Camco Financial Corporation
- Company type: Public
- Traded as: Nasdaq: CAFI
- Industry: Financial services
- Founded: 1970
- Headquarters: Cambridge, Ohio, U.S.
- Key people: James Huston (chairman & CEO)
- Operating income: US$ 31.623 million (2012)
- Net income: US$ 4.163 million (2012)
- Total assets: US$ 764.259 million (2012)
- Number of employees: 200(2012)

= Camco Financial =

Bank holding company

Camco Financial Corporation, or Camco Financial, headquartered in Cambridge, Ohio, was a registered bank holding company under the law of Delaware. It wholly owned the Ohio-based Advantage Bank and operated 22 offices in Ohio, Kentucky and West Virginia. Camco offered a wide range of banking services through Advantage Bank. As of December 31, 2012, Camco had $764.259 million in total assets, $59.727 million in total stockholders' equity and $627.224 million in deposits.
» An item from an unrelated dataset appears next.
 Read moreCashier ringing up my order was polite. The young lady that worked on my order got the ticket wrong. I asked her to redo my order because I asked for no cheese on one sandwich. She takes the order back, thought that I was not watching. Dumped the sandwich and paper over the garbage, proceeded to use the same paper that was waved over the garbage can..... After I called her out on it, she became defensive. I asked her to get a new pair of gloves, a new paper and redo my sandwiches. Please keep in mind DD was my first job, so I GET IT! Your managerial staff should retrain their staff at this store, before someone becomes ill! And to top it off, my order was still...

Camco ended in 2014, following a merger with Huntington Bancshares.

==History==
On October 19, 1970, Camco Financial Corporation was organized as a holding company.
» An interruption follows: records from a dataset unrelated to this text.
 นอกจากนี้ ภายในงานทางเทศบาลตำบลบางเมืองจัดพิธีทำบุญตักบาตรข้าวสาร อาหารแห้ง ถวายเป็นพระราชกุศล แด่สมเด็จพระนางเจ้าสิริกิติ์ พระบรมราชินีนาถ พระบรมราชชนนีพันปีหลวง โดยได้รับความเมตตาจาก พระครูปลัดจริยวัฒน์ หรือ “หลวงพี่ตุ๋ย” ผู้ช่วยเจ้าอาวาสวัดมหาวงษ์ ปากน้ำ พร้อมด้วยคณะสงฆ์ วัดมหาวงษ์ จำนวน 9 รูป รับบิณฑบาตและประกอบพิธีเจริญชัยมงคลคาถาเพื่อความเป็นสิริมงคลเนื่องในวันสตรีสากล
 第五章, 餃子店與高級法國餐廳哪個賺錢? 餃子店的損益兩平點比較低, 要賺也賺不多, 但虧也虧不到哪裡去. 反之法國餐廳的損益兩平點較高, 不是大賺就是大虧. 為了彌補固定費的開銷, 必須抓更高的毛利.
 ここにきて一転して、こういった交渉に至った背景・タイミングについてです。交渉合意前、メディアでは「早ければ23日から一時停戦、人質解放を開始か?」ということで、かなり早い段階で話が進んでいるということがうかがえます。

In June, 2001, Camco Financial Corporation finished the reorganization and it combined the banking activities under the Advantage Bank.

In 2004 Camco Financial Corporation merged with London Financial Corporation of London, Ohio, along with its wholly owned subsidiary, The Citizens Bank of London.

In 2013, the corporation declared the termination of a Consent Order dating back to February 9, 2012, issued by the Federal Deposit Insurance Corporation (FDIC) and the State of Ohio's Department of Commerce, Division of Financial Institutions (Ohio Division).

In 2013, Camco was purchased by Huntington Bancshares. The merger was complete by March 2014, ending Camco Financial's independent existence.